编译阶段：genbki.h & genbki.pl
#

src/include/catalog/genbki.h：

 * genbki.h defines CATALOG(), BKI_BOOTSTRAP and related macros
 * so that the catalog header files can be read by the C compiler.
 * (These same words are recognized by genbki.pl to build the BKI
 * bootstrap file from these header files.)

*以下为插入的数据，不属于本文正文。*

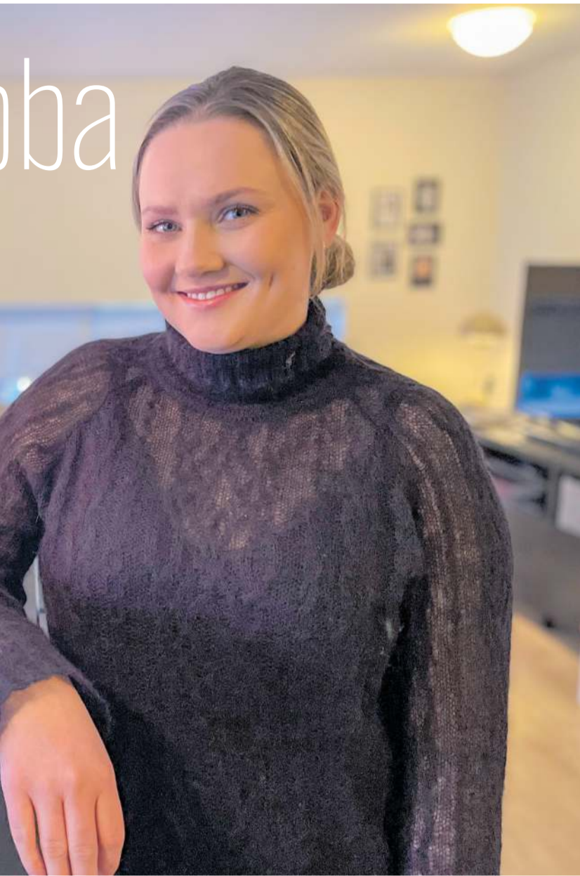
Í hendurnar á síðasta ári.

hagslegum stuðningi með lyfja- styrk í samvinnu við Apótekarann, Styrktarsjóð og Minningarsjóð fyrir aðstandendur ef að félagsmaður fellur frá vegna veikinda sinna.

genbki.h内容很少，主要是为了catalog相关操作的宏定义，以及给KBI bootstrap文件的宏定义。数据字典的头文件基本都包含genbki.h genbki.pl会在编译过程读取/src/include/catalog目录下的.h表定义文件（不含pg_*_d.h），并创建postgres.bki文件和pg_*_d.h头文件。以pg_class为例：

[postgres@catalog]$ ll |grep pg_class 
-rw-r----- 1 postgres postgres   3682 Aug  6  2019 pg_class.dat
lrwxrwxrwx 1 postgres postgres     86 Apr  8 20:31 pg_class_d.h -> /lzl/soft/postgresql-11.5/src/backend/catalog/pg_class_d.h
-rw-r----- 1 postgres postgres   5219 Aug  6  2019 pg_class.h

pg_*_d.h头文件就是genbki.pl生成的。pg_*_d.h文件中都包含下面的一段话：

It has been GENERATED by src/backend/catalog/genbki.pl

每个数据字典都有一个结构体typedef struct FormData_*catalogname*用以存储数据字典的行数据²，例如pg_class的FormData_pg_class：

CATALOG(pg_class,1259,RelationRelationId) BKI_BOOTSTRAP BKI_ROWTYPE_OID(83,RelationRelation_Rowtype_Id) BKI_SCHEMA_MACRO
{
	/* oid */
	Oid			oid;

	/* class name */
	NameData	relname;

	/* OID of namespace containing this class */
	Oid			relnamespace BKI_DEFAULT(pg_catalog) BKI_LOOKUP(pg_namespace);

	/* OID of entry in pg_type for relation's implicit row type, if any */
	Oid			reltype BKI_LOOKUP_OPT(pg_type);

	/* OID of entry in pg_type for underlying composite type, if any */
	Oid			reloftype BKI_DEFAULT(0) BKI_LOOKUP_OPT(pg_type);

	/* class owner */
	Oid			relowner BKI_DEFAULT(POSTGRES) BKI_LOOKUP(pg_authid);

...

	/* access-method-specific options */
	text		reloptions[1] BKI_DEFAULT(_null_);

	/* partition bound node tree */
	pg_node_tree relpartbound BKI_DEFAULT(_null_);
#endif
} FormData_pg_class;

pg_class的OID写死了1259，所有字段都在FormData_pg_class结构体中。用户存储数据的结构体初始化后，会使用对应的.dat文件插入基础数据。pg_class中会插入4条数据，可以理解为bootstrap item（pg15中的数据字典表有49个）：

{ oid => '1247',
  relname => 'pg_type', reltype => 'pg_type' },
{ oid => '1249',
  relname => 'pg_attribute', reltype => 'pg_attribute' },
{ oid => '1255',
  relname => 'pg_proc', reltype => 'pg_proc' },
{ oid => '1259',
  relname => 'pg_class', reltype => 'pg_class' },

postgres=#  select oid,relname from  pg_class where oid::int >=1247 and oid::int<=1259;
 oid  |   relname    
------+--------------
 1247 | pg_type
 1249 | pg_attribute
 1255 | pg_proc
 1259 | pg_class

把基础数据字典写入后，其他的都可以依赖这些数据生成。

初始化database阶段：initdb&postgres.bki
#

initdb.c中的注释：

 * To create template1, we run the postgres (backend) program in bootstrap
 * mode and feed it data from the postgres.bki library file.  After this
 * initial bootstrap phase, some additional stuff is created by normal
 * SQL commands fed to a standalone backend. 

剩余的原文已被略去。